I have spent a lot of time in these pages writing about the influence of macro-economic factors on market analysis. Indeed, Matt King at Citigroup recently highlighted the growing importance of macro factors on the equity market (chart via Bloomberg):
Here are three key macro factors that I have been watching now for clues to the direction of the stock market and sector selection.
The yield curve
One common way to measure the yield curve is the spread of 10-year and 2-year Treasuries. A steepening yield curve, where the spread widens, is thought of as a bond market signal of rising economic growth and a flattening yield curve, where the spread narrows, is an indicator of slowing growth. In the past, an inverted yield curve, where the spread goes negative, has been a surefire indicator of recessions and equity bear markets.
What it`s saying now: The yield curve has been flattening and moved to a cycle low of 0.75% this week, but it is nowhere near an inverted state, which is a recessionary and bear market signal. In light of the slightly more hawkish tone from the Fed, I am monitoring the evolution of shape of the yield curve for signs of a stock market top.
In addition, the yield curve can be a useful signal for the relative performance of financial stocks. The chart below depicts the relative performance of the Bank Index against the market (black line) against the yield curve (green line). In the past, these two lines have show a close correlation with each other. Currently, we are seeing a second back-to-back negative divergence where bank stocks are outperforming while the yield curve is flattening. I interpret this as a warning against taking an excess overweight position in the sector.
It’s the exchange rate, stupid!
Business Insider recently featured analysis from BAML credit analyst Hans Mikkelsen showing that EBITDA growth for domestic companies with high grade credits have been flat for the last few years. By contrast, high grade credits with high levels of foreign sales have seen a high degree of EBITDA margin volatility. In other words, it’s all about the exchange rate!
In the chart below, I have overlaid the BAML analysis with the USD Index in the bottom panel. As the chart shows, EBITDA growth of companies with foreign exposure appears to be inversely correlated with the Y/Y change in the USD Index.
What it`s saying now: The USD has been weakening, which should give the earnings of multi-nationals a boost. However, the Dollar is now approaching a key support level. The market`s view of the intersection of the growth outlook and Fed policy will be a key determinant of future exchange rate movements (also see above discussion about the yield curve and growth).

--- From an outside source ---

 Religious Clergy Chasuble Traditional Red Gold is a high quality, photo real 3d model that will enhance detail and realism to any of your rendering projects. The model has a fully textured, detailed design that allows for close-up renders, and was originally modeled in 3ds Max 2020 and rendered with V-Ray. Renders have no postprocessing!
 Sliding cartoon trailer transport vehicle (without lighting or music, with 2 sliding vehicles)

Small caps and growth expectations
Regular readers know that I have been writing about the US undergoing a growth surprise for some time. Indeed, this chart of Markit PMI shows that economic activity is rebounding from the slowdown experienced last winter.

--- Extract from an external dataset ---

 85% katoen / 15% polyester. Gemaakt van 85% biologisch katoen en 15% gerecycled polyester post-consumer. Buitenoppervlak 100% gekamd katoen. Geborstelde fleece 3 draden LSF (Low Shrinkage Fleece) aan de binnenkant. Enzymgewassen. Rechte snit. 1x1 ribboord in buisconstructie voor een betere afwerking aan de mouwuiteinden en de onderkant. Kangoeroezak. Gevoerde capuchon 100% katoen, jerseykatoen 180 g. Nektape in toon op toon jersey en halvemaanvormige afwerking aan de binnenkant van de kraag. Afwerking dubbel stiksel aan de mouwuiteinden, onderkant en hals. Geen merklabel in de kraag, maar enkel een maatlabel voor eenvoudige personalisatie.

In a recent CNBC interview, market strategist Tom Lee issued a call to buy small cap stocks as a way of capitalizing on their economic torque, or operating leverage:
Investors have been rewarded for following signals in credit and derivatives markets this year, and a new one recently started sending a buy signal for small-cap stocks, according to Fundstrat Global Advisors co-founder Tom Lee.
“I think a really strong message is coming to buy small caps, because when economic data picks up and credit eases, small caps almost always win,” he told CNBC’s “Squawk on the Street” on Monday.
Jim Paulsen of Wells Fargo Asset Management had the same investment insight. Paulsen issued a call to buy small caps because of their operating leverage. In his case, he was making a bet on high inflation, which would disproportionately benefit small cap companies, but the idea is the same:
Essentially, small companies with tight profit margins, have greater “operating leverage” compared to larger companies. Thus, when inflation accelerates and selling prices can be raised, a larger portion of the enhanced selling price falls to the bottom line of narrow margin small cap companies. While disinflation is more challenging for small companies, rising inflation tends to boost both profit margins and earnings performance for small cap stocks relative to their larger brethren.
Indeed, the chart below shows the evolution of consensus forward 12-month EPS estimates in the top panel and the relative performance of small cap stocks in the bottom panel. This chart shows the close correlation between expected growth and the relative performance of small cap stocks, which is an illustration of their leverage to growth expectations.
In conclusion, this has been an illustration of the value of cross-asset analysis, which is also known as inter-market analysis. By identifying important cross-asset relationships and fundamental drivers of returns, changes in the pricing of one asset market can affect the returns of an entirely different asset class. It is also another way of showing how macro analysis is becoming important in the art of market analysis.